The Estate covers 4,500 acres and includes the Grade 1 listed Mansion, extensive and picturesque parkland, arable farmland, Cotswold stone period residential properties and a commercial business park. The beautiful parkland provides a fantastic setting for all events whilst retaining the privacy of the family home and grounds.
At the Dissolution of the Monasteries in 1539, the fabric of the Abbey and much of its property was bought by a prosperous clothier of Malmesbury named Stumpe. By the end of the century the part of his estate which included Charlton was passed to his great-granddaughter, Catherine, daughter of Sir Henry Knyvet (whose tomb is in Charlton Church).

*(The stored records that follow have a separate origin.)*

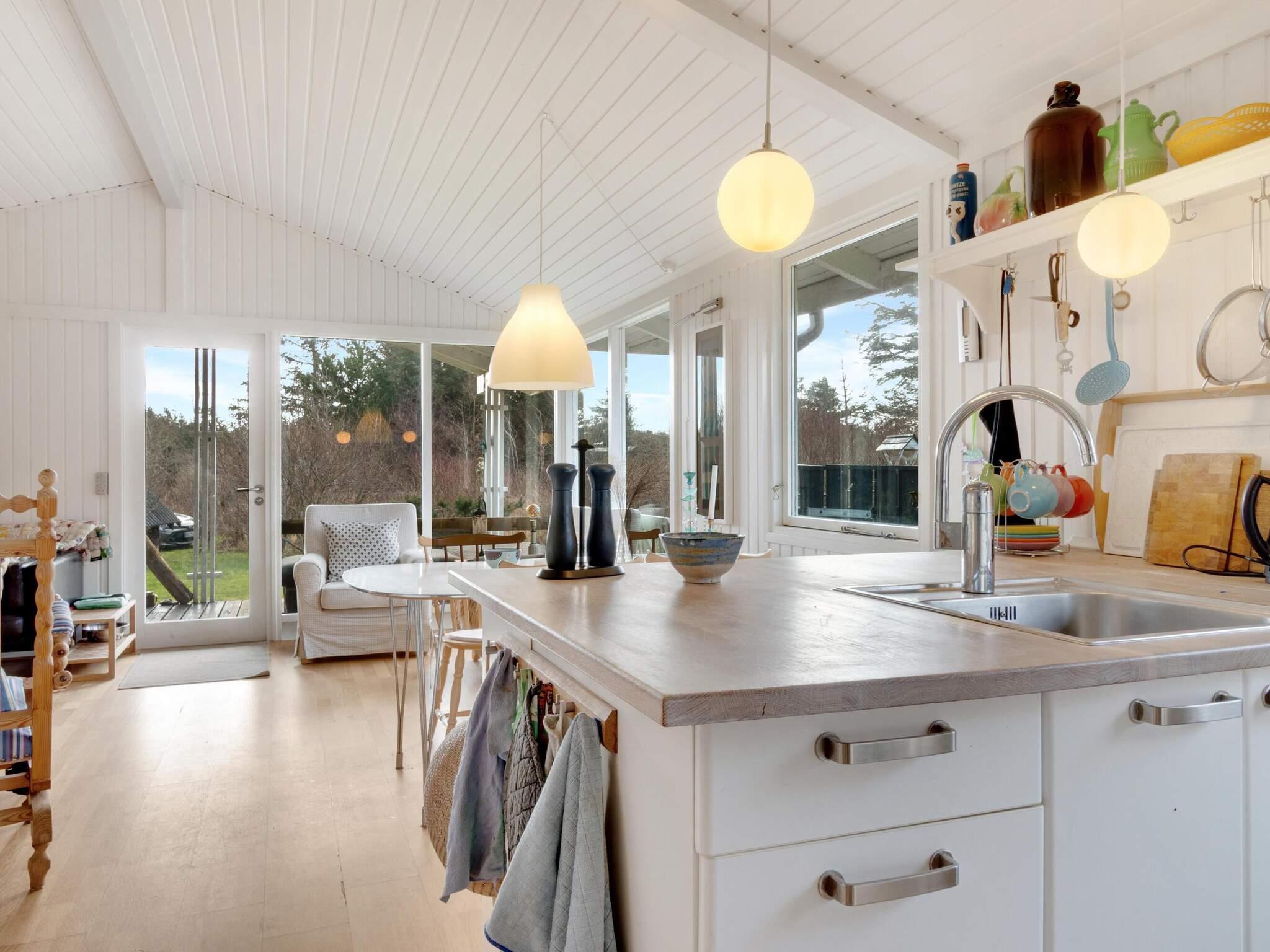 Haven er et afsondret sted at solbade i den milde danske sommer, og på køligere dage er de indbydende værelser inde i huset det perfekte sted at slappe af. For dem, der elsker naturen, ligger stranden kun 600 meter væk, hvor man kan slappe af ved vandet. Der er lidt længere til indkøbsmuligheder, 2,5 kilometer, men beliggenheden tilbyder stadig en fredelig, landlig oase med nem adgang til alt, hvad man har brug for.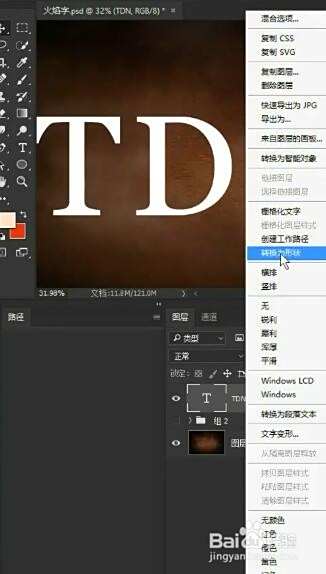 首先打上我们的文字,右键转换为形状,在路径面板双击保存我们的路径,待会要用到。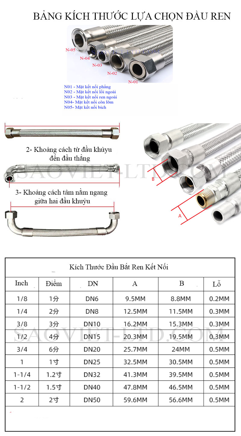 Làm bằng inox, kiểu ren ngoài hoặc ren trong, theo tiêu chuẩn BSPT, NPT hoặc G. Phổ biến với dạng ren ngoài hai đầu hoặc một đầu ren – một đầu hàn.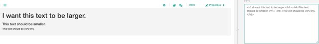 - Example: <h1>I want this text to be larger.</h1> <h4>This text should be smaller.</h4> <h6>This text should be very tiny.</h6>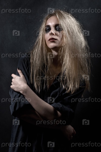 Красивая ведьма с пушистыми волосами и размазанной косметикой на черном фоне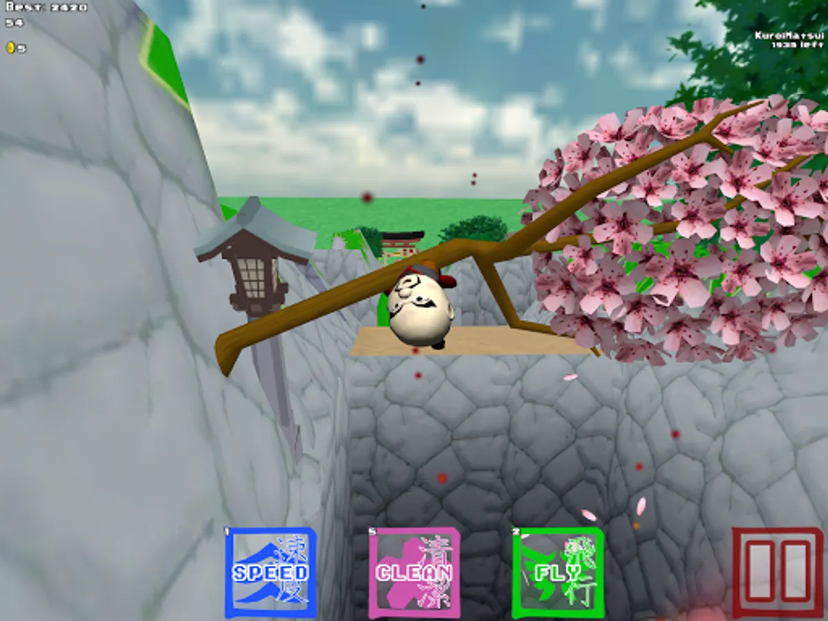 How far can you roll off of a volcano while dodging lava-rocks, -rivers, high cliffs and cherry blossom leaves which block your view?!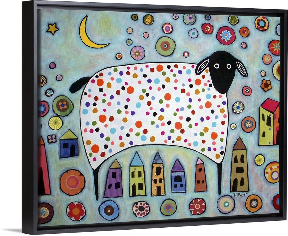 <p>Contemporary painting of a woolly sheep with small buildings and a crescent moon.</p>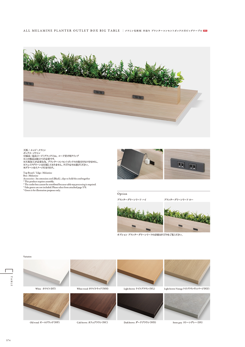 P.574 VTA-037 メラミン化粧板 共貼りプランターコンセントボックス付ビッグテーブル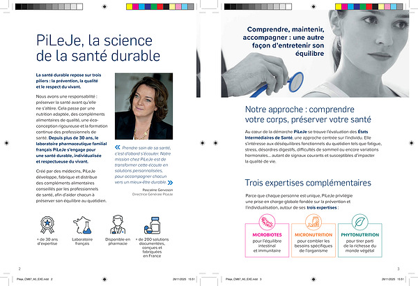 Nous avons une responsabilité: préserver la santé avant qu’ elle ne s’ altère. Cela passe par une nutrition adaptée, des compléments alimentaires de qualité, une écoconception rigoureuse et la formation continue des professionnels de santé. Depuis plus de 30 ans, le laboratoire pharmaceutique familial français PiLeJe s’ engage pour une santé durable, individualisée et respectueuse du vivant.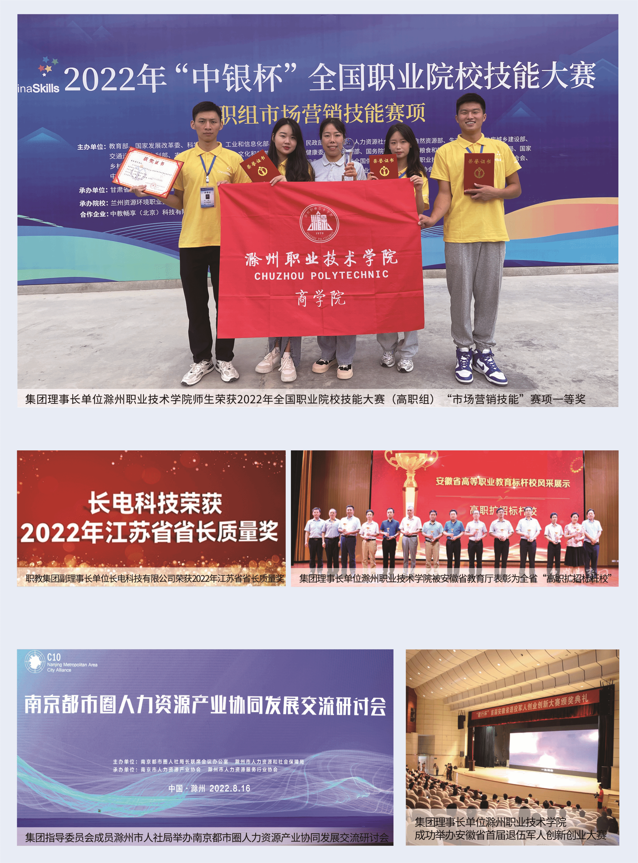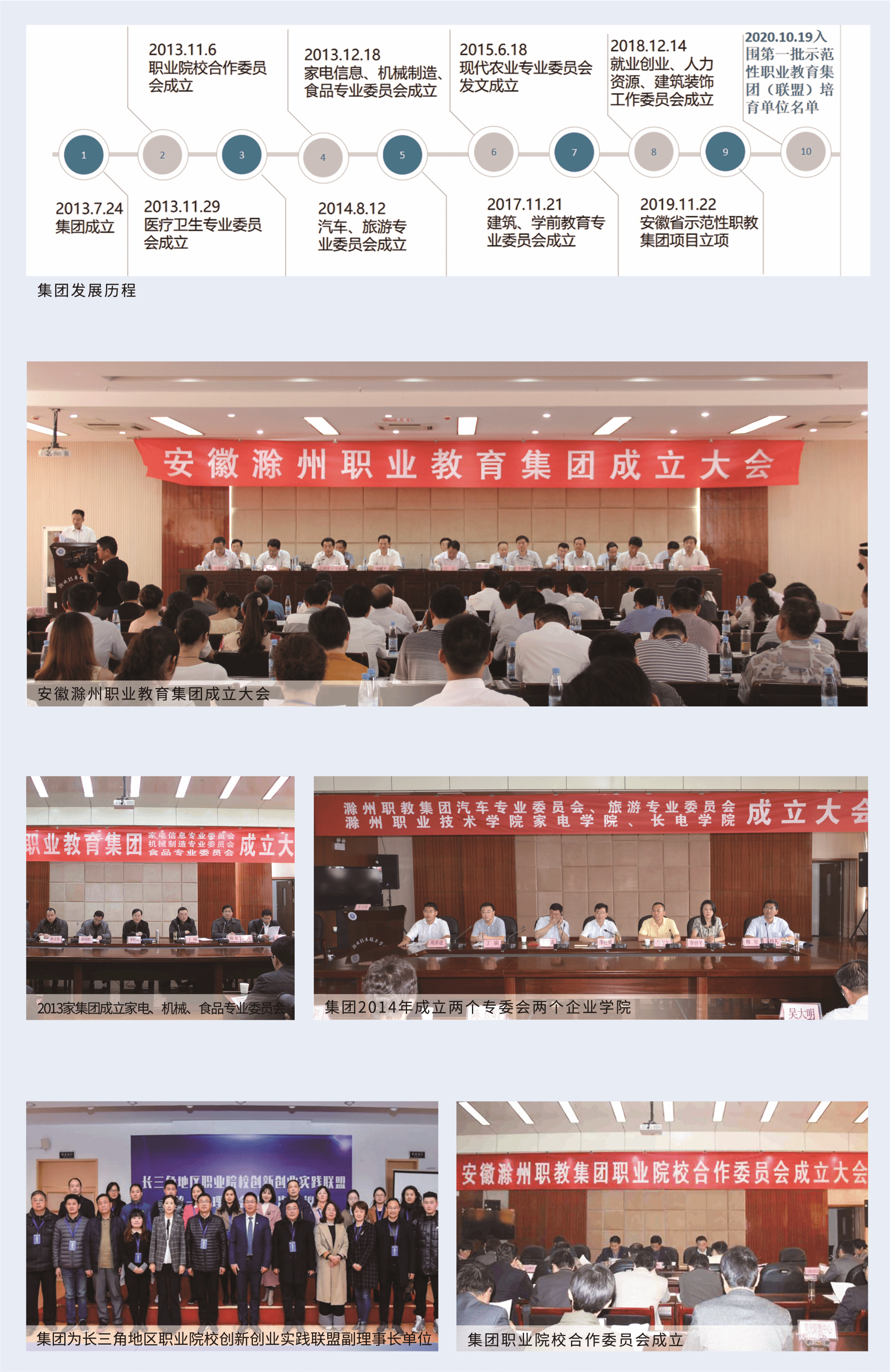 集团成立至今,一直受到滁州市委市政府的高度重视。在滁州市委市政府主导下,在滁州市经开区、中新苏滁高新区、市教体局等部门的指导下,职教集团逐步形成政、行、企、校充分参与,协作、稳定、高效的运行机制,呈现出指导委员会与集团之间、牵头单位与行业企业之间、二级机构和集团成员单位之间你中有我、我中有你的工作格局。集团2019年获批“安徽省示范性职业教育集团立项建设单位”,2020年入围全国“第一批示范性职业教育集团(联盟)培育单位名单”。在集团成员的共同努力下,已初步建成经科教联动、产学研结合、校企所共赢的区域现代职业教育体系。

Catherine’s second husband was Lord Thomas Howard, 1st Earl of Suffolk; Charlton Park House was built for her on the property which she had brought into the marriage. It was ready for occupation by 1607.
After Catherine’s death Charlton Park was inherited by her second son, Thomas, who in 1626 was created the first Earl of Berkshire. His descendants lived here until the union of the Suffolk and Berkshire families in the mid-18th Century.